Created 04-22-2016 06:14 AM
Throwing this error while creating Hive parquet table with snappy compression in hive beeline mode.
Error: Error while compiling statement: FAILED: ParseException line 19:15 cannot recognize input near 'parquet' '.' 'compress' in table properties list (state=42000,code=40000)
CREATE EXTERNAL TABLE testsnappy ( column bigint )
row format delimited
fields terminated by ','
STORED as PARQUET
LOCATION 'path'
TBLPROPERTIES ("parquet.compress"="SNAPPY") " ;
Also is there a way to set compression format for already created tables ?

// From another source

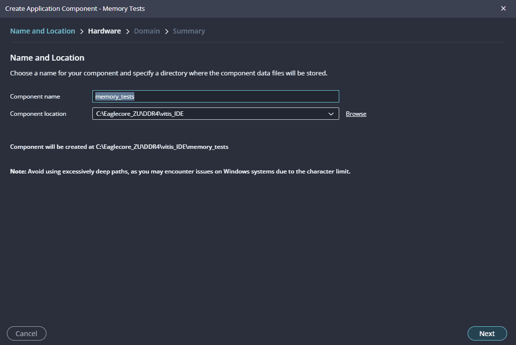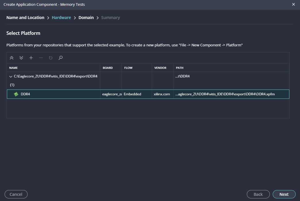 Next create the DDR4_test Application component by selecting the “Memory tests” template from the “examples”,

Created 04-22-2016 07:58 AM
If you create a Hive table over an existing data set in HDFS, you need to tell Hive about the format of the files as they are on the filesystem ("schema on read"). For text-based files, use the keywords STORED as TEXTFILE. Once you have declared your external table, you can convert the data into a columnar format like parquet or orc using CREATE TABLE.

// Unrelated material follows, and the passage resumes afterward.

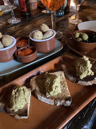 Read moreWaren gestern, also an einem Dienstag, zu Zweit da und saßen oben. Haben beim Chef Tee, Baguette mit Aioli und Pflaumen im Speckmantel bestellt. Der Tee kam zügig. Nach sehr langer Wartezeit dann die Vorspeise. Seltsames trockenes Landbrot mit Aioli und Oliven. Auf Nachfrage hin gibt es bereits seit 2 Jahren kein Baguette mehr. Warum steht es dann noch auf der Karte? Sein Fehler Oliven statt Pflaumen. Er nahm zuegig die Oliven weg ohne Entschuldigung. Dann warteten wir ca 40 min. auf die Pflaumen. Unsere zweite Bestellung Tortilla kam kalt trotz Frage ob sie warm kommt. Die Chips mit Trueffel waren gekaufte aus der Tüte. Der Chef einfach nur frech in seiner Art mir gegenüber, als ich dies mokierte. Ich war schon oft in Spanien, habe dort länger gelebt. Chips werden im Ofen frisch gemacht. Die Papas waren echt schlimm. Uralte verkochte Kartoffeln mit eklig dicker Schale. Und eine rote Soße dazu. Kein normales Mojo grün und rot. Bei allem war der Chef sehr unhöflich und unangenehm. Keinerlei Entschuldigung. Nie wieder. Der andere Kellner...

CREATE EXTERNAL TABLE sourcetable (col bigint) row format delimited fields terminated by "," STORED as TEXTFILE LOCATION 'hdfs:///data/sourcetable';
Once the data is mapped, you can convert it to other formats like parquet:
set parquet.compression=SNAPPY; --this is the default actually CREATE TABLE testsnappy_pq STORED AS PARQUET AS SELECT * FROM sourcetable;
For the hive optimized ORC format, the syntax is slightly different:
CREATE TABLE testsnappy_orc STORED AS ORC TBLPROPERTIES("orc.compress"="snappy") AS SELECT * FROM sourcetable;
Created 04-22-2016 07:58 AM
If you create a Hive table over an existing data set in HDFS, you need to tell Hive about the format of the files as they are on the filesystem ("schema on read"). For text-based files, use the keywords STORED as TEXTFILE. Once you have declared your external table, you can convert the data into a columnar format like parquet or orc using CREATE TABLE.
CREATE EXTERNAL TABLE sourcetable (col bigint) row format delimited fields terminated by "," STORED as TEXTFILE LOCATION 'hdfs:///data/sourcetable';
Once the data is mapped, you can convert it to other formats like parquet:
set parquet.compression=SNAPPY; --this is the default actually CREATE TABLE testsnappy_pq STORED AS PARQUET AS SELECT * FROM sourcetable;
For the hive optimized ORC format, the syntax is slightly different:
CREATE TABLE testsnappy_orc STORED AS ORC TBLPROPERTIES("orc.compress"="snappy") AS SELECT * FROM sourcetable;
Created 04-22-2016 08:17 AM
Just a little comment. While in old versions of HDP for ORC files snappy provided performance benefits over zip this is not true anymore. Zip has three times better compression AND is as fast or faster now than snappy for most tables.
Created 04-25-2016 09:26 AM
All i need to do is on Hive external tables directly.
1.My above DDL statement was not working when i try to create parquet external table with snappy compression.
2. Is there a way to alter compression from snappy to ZIP in an existing hive external table.
Created 04-25-2016 09:40 AM
2. Your only chance is a CTAS. I.e. create a new table "as" the old one compressed as zip then rename them. You can do that with external tables as well. However this is only true of new Hive versions and ORCs/Tez. For Parquet snappy may still be better.
Created 04-26-2016 10:56 PM
The CREATE EXTERNAL TABLE statement must match the format on disk. If the files are in a self-describing format like parquet, you should not need to specify any table properties to read them (remove the TBLPROPERTIES line). If you want to convert to a new format, including a different compression algorithm, you will need to create a new table.